It is clear to the skilled person that there are alternative ways
to estimate the position and direction of the cameras 531, 532. For
example, when the HMD 500 comprises a depth sensor, a so-called
registration or estimation of the position and direction of the
cameras 531, 532 can be performed based on a geometric
registration. In other words, the scene can be mapped in 3D by the
HMD 500, and based on this 3D information a current position and/or
direction of the HMD and thus the cameras 531, 532 can be
determined.
[0068] During the step of estimating the position and direction of
the two cameras 531, 532 or the so-called registration step
performed by the first estimating unit 540, typically two matrices
are generated: a matrix P which represents the projection matrix,
which typically conveys the intrinsic parameters of the camera such
as the focal length and aspect ratio, and a matrix M, which
represents the modelview matrix, which represents the translation
and rotation of the camera 531, 532. These are the matrices which
are used to render the 3D virtual object if nothing else is done to
compensate for the change in rotation and/or orientation of the HMD
500 that might have occurred between the first moment in time and
the second moment in time. Note however that these matrices P and M
only represent the position and direction of the cameras 531, 532
or the state of the HMD 500 at the first moment in time. The
matrices P and M, which are obtained at the first moment in time
are represented by reference number 541, and are illustrated as
data flowing from the first estimating unit 540 to the second
estimating unit 560, along with the HMD sensor data and/or metadata
551.
[0069] Typically in prior art approaches, the 3D model would be
rendered based on the matrices [PIM] and the render would be
positioned on top of the captured 2D image. However, assuming we
are at a second moment in time at the start of the rendering unit
570, the HMD sensor data and/or HMD metadata 552, for example
regarding the position of the HMD 500 is only now obtained and
taken into account when the viewpoint update, after the rendering
unit 570 has finished at a third moment in time. It is typical
however that the delay between the first moment in time and the
second moment in time is much higher than between the second moment
in time and the third moment in time. This is due to the relative
simplicity of rendering single objects that are used for typical
augmented reality applications. The time between the first moment
in time and the third moment in time may approximately be 80 ms,
whereas the time between the second moment in time and the third
moment in time typically is only a few milliseconds.

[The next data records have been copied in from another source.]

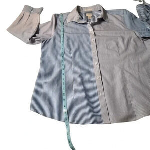 Chico's non iron size 2 button up blue/white stripped 2 ton very cute like new pre-owned shirt long sleeve very comfortable with some strech.
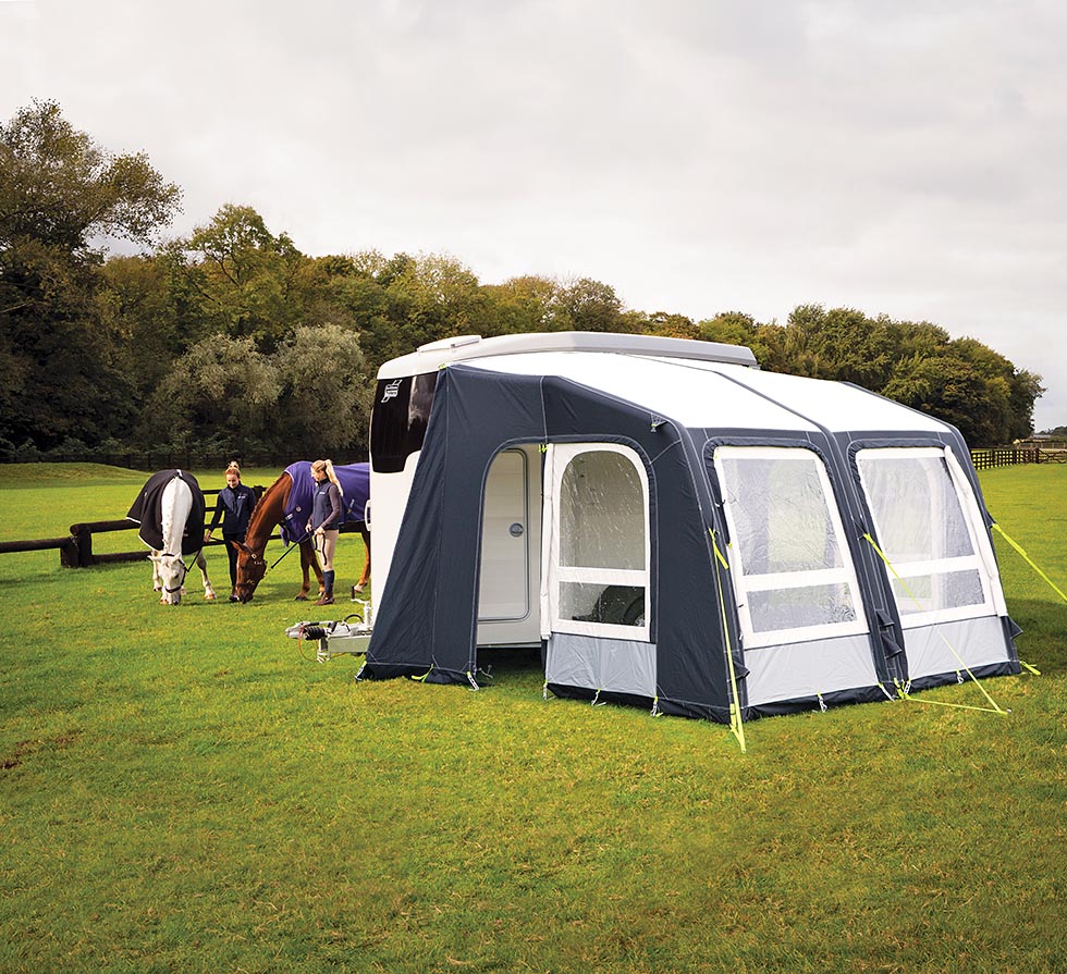 Forteltet som veier rundt 20 kilo, er tilgjengelig i to størrelser og dermed mulig å få levert til hele Ifor Williams sin HBX-serie. Forteltet monteres enkelt ved å blåse opp de syv luftkanalene fra ett innblåsningspunkt, enten manuelt eller ved hjelp av en elektrisk pumpe. Vips, så kan rytterne slappe av og overnatte ved arrangementer, show og turer. Enkelt, billig og veldig smart.
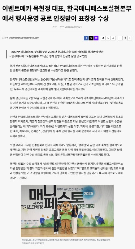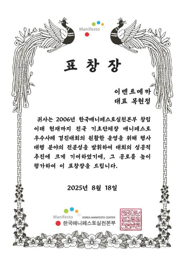 이벤트 기획 전문 기업 이벤트 메카가 ‘ 전국 기초단체장 매니페스토 우수사례 경진대회’에서
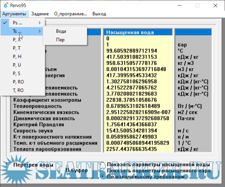 Год выпуска: 2005 Версия: 3.4 (Windows 32-bit) Разработчик: Иванов М. Ю. Платформа: Windows Совместимость с 64-битными ОС: да Системные требования: Windows (32-bit) Язык интерфейса: Русский Таблэтка: Не требуется Название: Теплофизические свойства воды и водяного пара Система уравнений: IAPWS Formulation 1995 Лицензия: Бесплатное распространение (Freeware) Описание: Программа предназначена для расчёта и анализа теплофизических свойств воды и водяного пара в широком диапазоне температур и давлений на основе международной научной модели IAPWS-95 (International Association for the Properties of Water and Steam). С помощью данного приложения можно точно определить такие параметры, как:
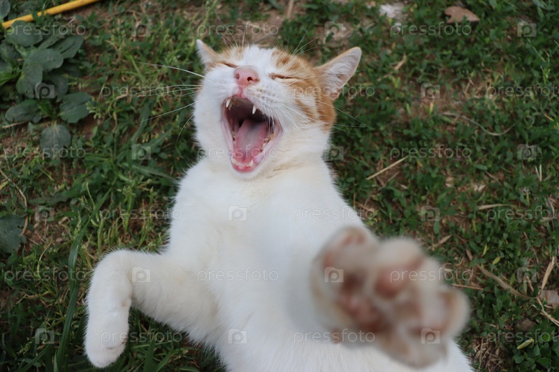 Белая кошка зевает, лежа на зеленой траве
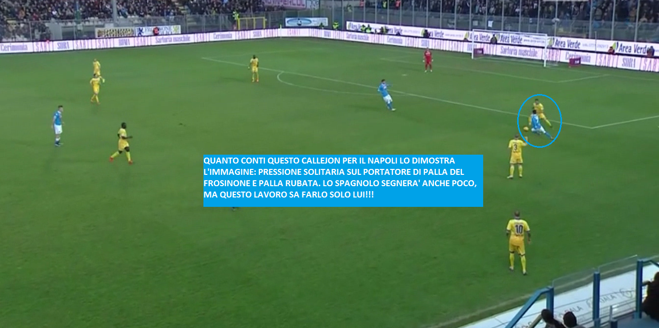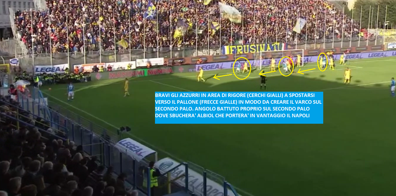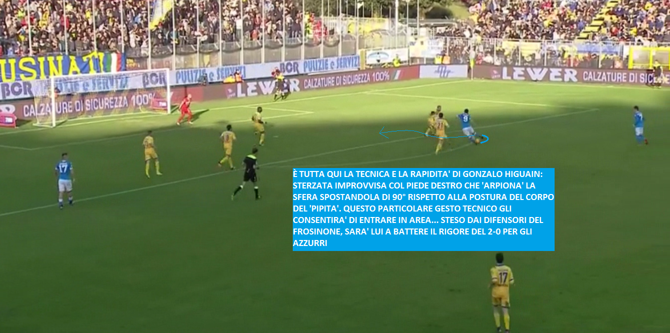 Un dominio assoluto e una vittoria schiacciante degli azzurri contro il Frosinone di Roberto Stellone. Prestazione immensa, forse la migliore da quando in panchina siede Maurizio Sarri. Per tutti i novanta minuti gli azzurri non sbagliano nulla: precisione chirurgica in ogni passaggio; trame costruite con movimenti studiati e ri-studiati; qualità immense dei singoli, sia tecnicamente che tatticamente; compattezza dei reparti nelle tre fasi di gioco. E poi tanti, tantissimi goal: 38 per la precisioni, di cui 18 messi a segno dal solo Higuain. Vittoria di maturità, ottenuta col gioco e con l’attenzione. Vittoria che vale il titolo di campione d’inverno. Insomma, tutto perfetto. Giornata perfetta.
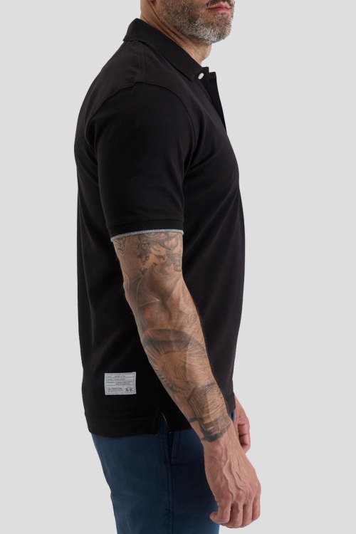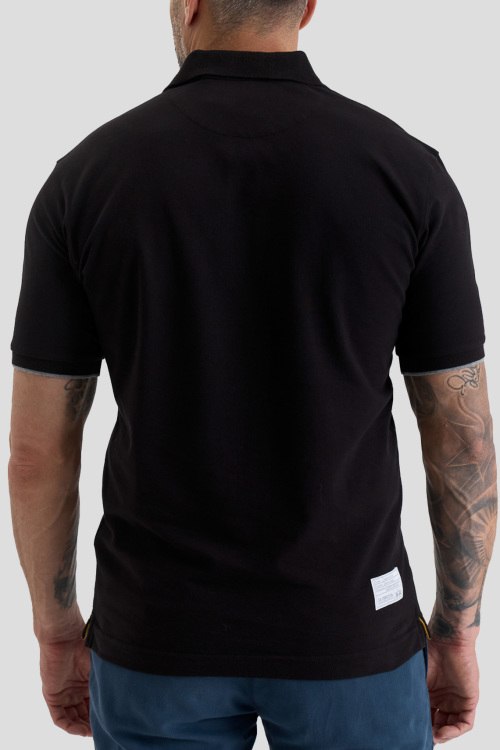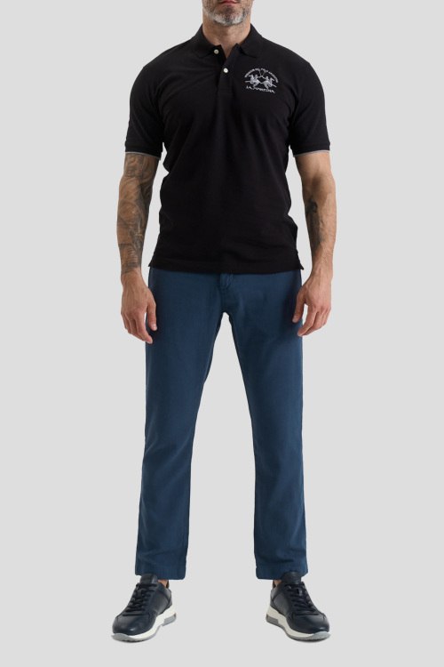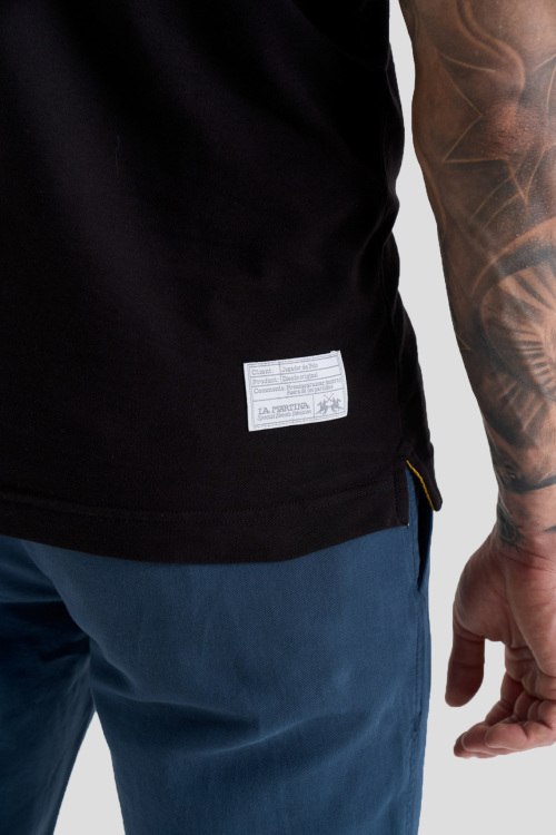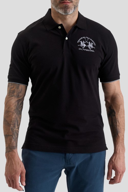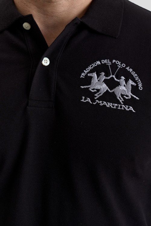 Детали: Мужская черная хлопковая футболка-поло от La Martina (Ла Мартина). Логотип на груди, отложной воротник, застежка на две пуговицы, короткий рукав, классическая длина
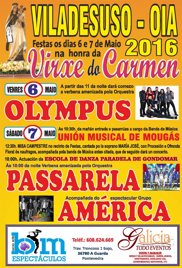 FESTAS DA VIRXE DO CARMEN 2016 O 6 E 7 DE MAIO EN VILADESUSO
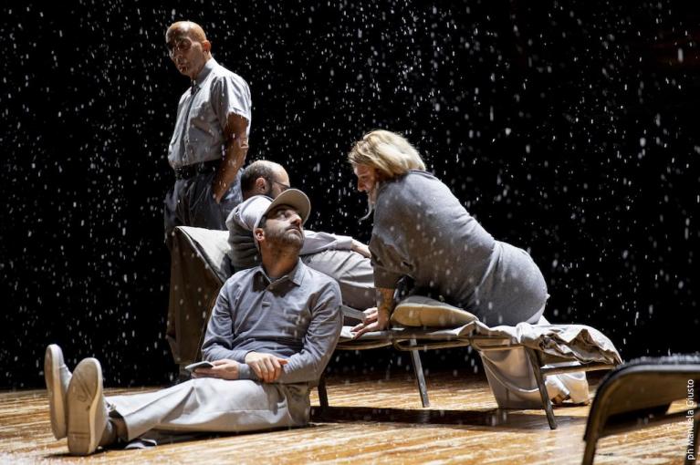 Tutti gli attori sono calati nelle parti. Qualche sbavatura, ogni tanto, non inficia il risultato e rafforza il plauso per un’impresa incubata in varie prove solistiche, determinata dalla volontà di un’artista che pensa e crea il teatro a non rassegnarsi alla fine del suo gruppo, le Fibre Parallele, e a cercare, rischiando, nuove strade. I bravi interpreti dei due ragazzi vengono da un laboratorio sul Roberto Zucco di Koltès, di cui abbiamo dato conto su doppiozero, per lo Stabile torinese e il Festival delle Colline di quella città. Sono l’elettrico Josef Gjura e la sensibile, appassionata, bravissima, Giulia Mazzarino. Loro compagni, di varia provenienza, tutti molto concentrati, sono Vittorio Continelli, Mino Decataldo, Alessandra Di Lernia, Marco Grossi, Fabio Mascagni. E naturalmente Licia Lanera, che in questo stesso periodo ha curato la riapertura dello storico teatro Piccinni della sua Bari con azioni di strada di giovani compagnie e con una serata dedicata a Eduardo De Filippo, recitato in barese da attori della città.
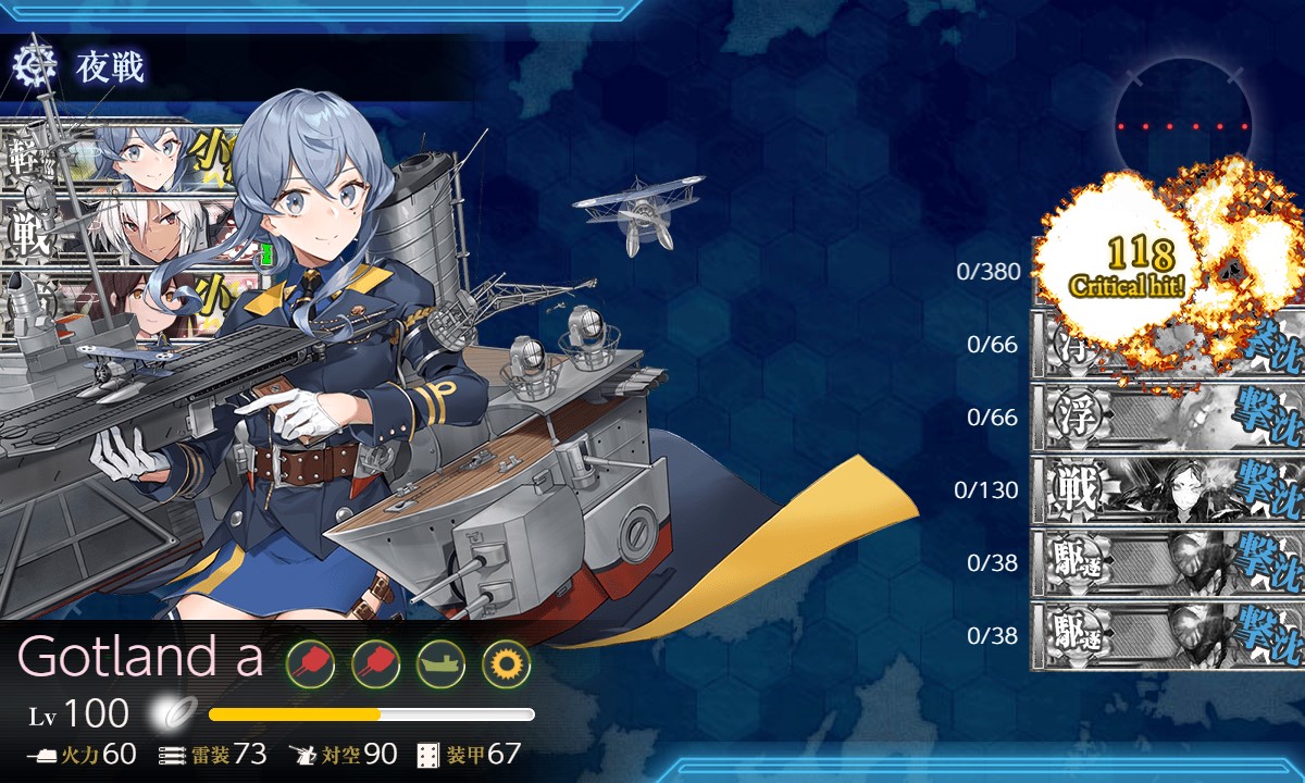 早い段階で敵随伴艦が沈んだのでゴトちゃんと風雲ちゃんは2回ずつボスを攻撃できました。
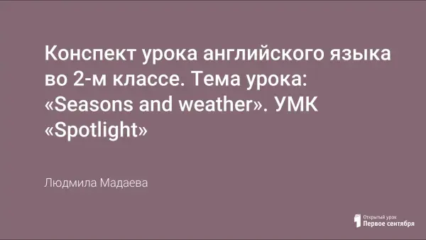 Конспект урока английского языка во 2-м классе. Тема урока: «Seasons and weather». УМК «Spotlight»
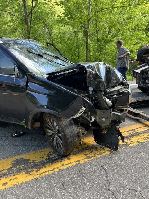 Grantsville Volunteer Fire Department was dispatched at 3:55 p.m. to Route 5 West between Big Root Road and Carroll Road. Mark Fugett II was traveling east when his right front tire sidewall blew out pulling him over the hill where he struck a tree. Trooper Josh Richards was the investigating officer.
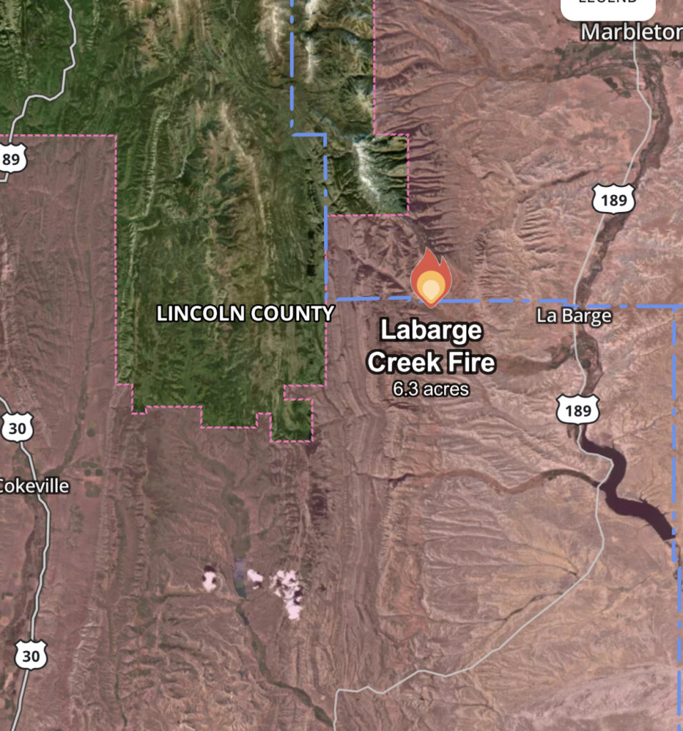 As of 9:00 p.m. Wednesday, the Labarge Creek Fire was reported to be 6.3 acres in size near Miller Mountain in the Bridger-Teton National Forest. The cause of the fire was not given and containment amount was reported.

[0070] To cope with the time difference between the first moment in
time and the second moment in time, and the eventual movement of
the HMD that has occurred in the meanwhile, a compensation step is
added that alters or updates the rendering matrices P and M 541 to
reflect the change in HMD rotation and/or orientation that has
occurred between the first moment in time and the second moment in
time. Based on sensor data 551 obtained at the first moment in
time, sensor data obtained at the second moment in time 552, the
second estimating unit 560 can estimate the position and direction
of the cameras 531, 532 at the second moment in time. In other
words, based on sensor data 551 obtained at the first moment in
time, sensor data obtained at the second moment in time 552, the
matrix M 541, which is representative for the translation and
rotation of the camera 531, 532 at the first moment in time, can be
updated in order to be representative for the translation and
rotation of the camera 531, 532 at the second moment in time. The
updated matrices M can then be used by the rendering unit 570.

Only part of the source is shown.